So I have no other choice but to conclude that you’re talking about an evolving animal that, for billions of generations, used two breathing systems simultaneously (extracting oxygen from both water and air).
More likely, just millions of generations.
That would be an incredible mechanism, and one that would surely require perfection in order to operate! Tell me more about how that second (the alternate) breathing system is operational while it is undergoing slow development over those many generations of offspring.
And here is where you are wrong. It most certainly does NOT require perfection or anything approaching it. All it needs is to be able to add to the oxygen acquired from the primary system.
Many animals alive today have more than one mechanism for getting oxygen onto their systems.
For example, many frogs have gills when young, lungs when older, and *always* have significant oxygen transfer across their skin. This is true also for other small amphibians (getting oxygen from transfer across skin requires both a moist skin and a small enough animal that surface to volume ratio is high).
Many fish are able to move across land, going from one pond to another while using primitive lungs (few elaborations into bronchi, for example). They will also use gills while in good water.
Many types of fish will gulp air, especially in ponds that are oxygen deprived.

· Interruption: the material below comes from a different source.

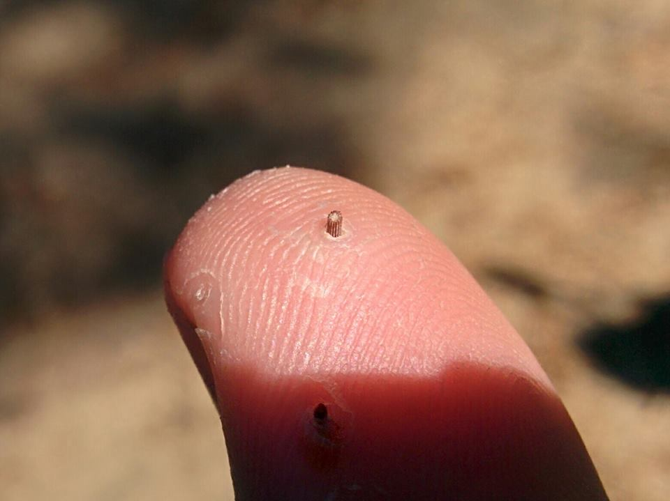 Mediterranean black sea urchin sting getting expelled from the body by itself after 2 weeks. Croatia

The point is that a breathing system is primarily a way to get oxygen into the blood system and waste gases out. ALL that is required is a membrane exposed to oxygen and blood vessels to pick up that oxygen. Fish mostly get their oxygen from what is dissolved in the water using gills (which use large surface area to get more oxygen out), but will also get it from across skin or from lungs/swim bladders. Different fish, depending on their environment, have adapted very different mechanisms.